An diesem Donnerstag bekommt Ursula Trede den versprochenen Kaffeebesuch. Die Bäuerin aus dem holsteinischen Nienborstel hatte Merkel vor Fernsehpublikum mit der Frage nach dem aktuellen Milchpreis in leichte Verlegenheit gebracht. Der Preis ist immer noch unten. Wenn er da bleibt, hat der Hof der Tredes mit seinen 140 Milchkühen nach Jahrhunderten im Familienbesitz keine Zukunft.
Beantworten Sie die Fragen und machen Sie mit bei der Aktion "Deutschland spricht"
Wahlkampfschulden abzugelten ist trotzdem eine angenehme Pflicht, lässt sich doch damit zeigen, dass eine Kanzlerin sich kümmert. Das kommt ihr gerade besonders zupass. Eine Schlussfolgerung aus dem enttäuschenden Wahlergebnis lautete schließlich, dass es gut und schön ist, wenn die Regierungschefin als „Retterin der freien Welt“ gefeiert wird, dass den Leuten aber ihre Alltagssorgen mindestens genauso wichtig sind.
Seehofers Kurs wirkt: Plötzlich machen sich wieder alle Sorgen wegen der Flüchtlinge
Doch diese Sorgen sichtbar in den Mittelpunkt zu rücken, hat im Moment noch eine ganz spezielle Nebenwirkung. Das liegt an Horst Seehofer. Vier Wochen lang haben der CSU-Chef und seine Hintersassen aller Welt einzureden versucht, dass die Bundesbürger gerade nichts dringender quäle als die Befugnisse der Bundespolizei an drei bayerischen Grenzposten. Am Mittwoch kann man in der jüngsten Analyse der Demoskopen aus Allensbach für die FAZ nachlesen, dass das insofern erfolgreich war, als sich plötzlich wieder so viele Menschen „große Sorgen“ über die Flüchtlingssituation machen wie zuletzt im Winter 2015/16.

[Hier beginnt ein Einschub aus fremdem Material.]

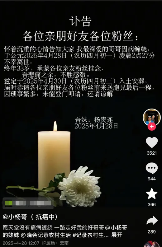 4月28日,33岁抗癌博主 “小杨哥” 杨贵成病逝,其妹妹在外交平台发布了讣告,透露他于2025年4月28日破晓2点27分去世,葬礼将于4月30日举行。“小杨哥” 来自云南昭通,因用短视频记载本身的抗癌履历,引发网友关注。4月29日,“小杨哥” 的妹妹杨密斯透露,哥哥患 “脑癌” 于4月28日破晓去世,年仅33岁。目前,家人正在为其处理后事。 本年33岁的 “小杨哥” 来自云南昭通的农村家庭。杨密斯先容,2023年4月,哥哥不停出现头晕的症状,先后到多家医院查抄,都没查出具体病因。2023年7月,“小杨哥” 到四川大学华西医院治疗,终极被确诊为胶质母细胞瘤4级。“这是一种‘脑癌’,医生说这是一种很严肃的疾病,治愈率很低。” 杨密斯说,哥哥从确诊到去世仅2年,“太伤心了!” 杨密斯先容,哥哥确诊后,家人不停没有放弃,多次到昆明、成都的医院治疗,与病魔作斗争。只管云云,他依然保持着乐观的心态,并开通了短视频账号,给本身取网名为 “小杨哥”,他和妹妹一边记载抗癌之路,一边记载家庭一样平常。很多网友被他的故事触动,纷纷留言鼓励他克服病魔。 “哥哥有一个11岁的女儿,他和嫂子多年前就离婚了。作为一个单亲爸爸,把女儿拉扯大也很辛苦。” 杨密斯先容,自从哥哥抱病后,重要靠父母及两个妹妹照顾,“他女儿很懂事,每天放学回家都会照顾爸爸。” 在 “小杨哥” 账号发布的短视频中,其女儿乖巧懂事,常常照顾抱病的父亲,感动了很多网友。 杨密斯先容,哥哥去世之前不停流眼泪,他最放不下的就是女儿。“他强撑着末了一丝气力,终于等到女儿放学回家。当女儿看了他末了一眼,他才徐徐闭上双眼,带着不舍与挂念,永久地离开了这个世界。” 杨密斯哽咽着表现,哥哥走了,侄女这两天不停哭,看得令人揪心,“我们百口一定会把孩子好好养大。” |
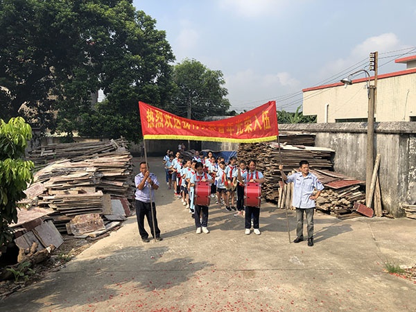 9月9日上午,沙溪鎮濠涌村內鼓號響亮,上午八點半,濠涌小學鼓號隊的隊員們穿著整齊的服裝,佩戴著鮮艷的紅領巾,在大隊輔導員陳慧超老師的帶領下,踩著整齊的步伐參與了濠涌村歡送新兵工作。

Erfolgreich im Sinn der eigenen Sache war die Aktion freilich nicht. Die Allensbacher Umfrageforscher bestätigen nur, was auch andere Kollegen ermitteln: 2,5 Prozent minus für CDU und CSU, dafür zwei Prozent plus für die AfD.
Bei der CDU waren sie schon vorher überzeugt, dass es nichts nützt, die Menschen auf die Bäume zu jagen. Im Konrad-Adenauer-Haus bereiten sie gerade eine kleine Sommerpausenkampagne unter dem Motto „Anpacken für Deutschland“ vor. Die Ehrenschuldentour der Chefin setzt dafür den Ton: mehr Geld für Pfleger, mehr tun für das platte Land, mehr tun dafür, dass Behinderte einen Platz in der Gesellschaft finden.
Natalie Dedreux wird das als Echo auf ihre Wortmeldung gerne hören. Neulich war die engagierte junge Frau in Berlin bei einem Grünen-Workshop. Hinterher bekannte sie im „Ohrenkuss“: „Ich bin jetzt Fan von den Grünen.“ Man darf auf die nächste Ausgabe also neugierig sein.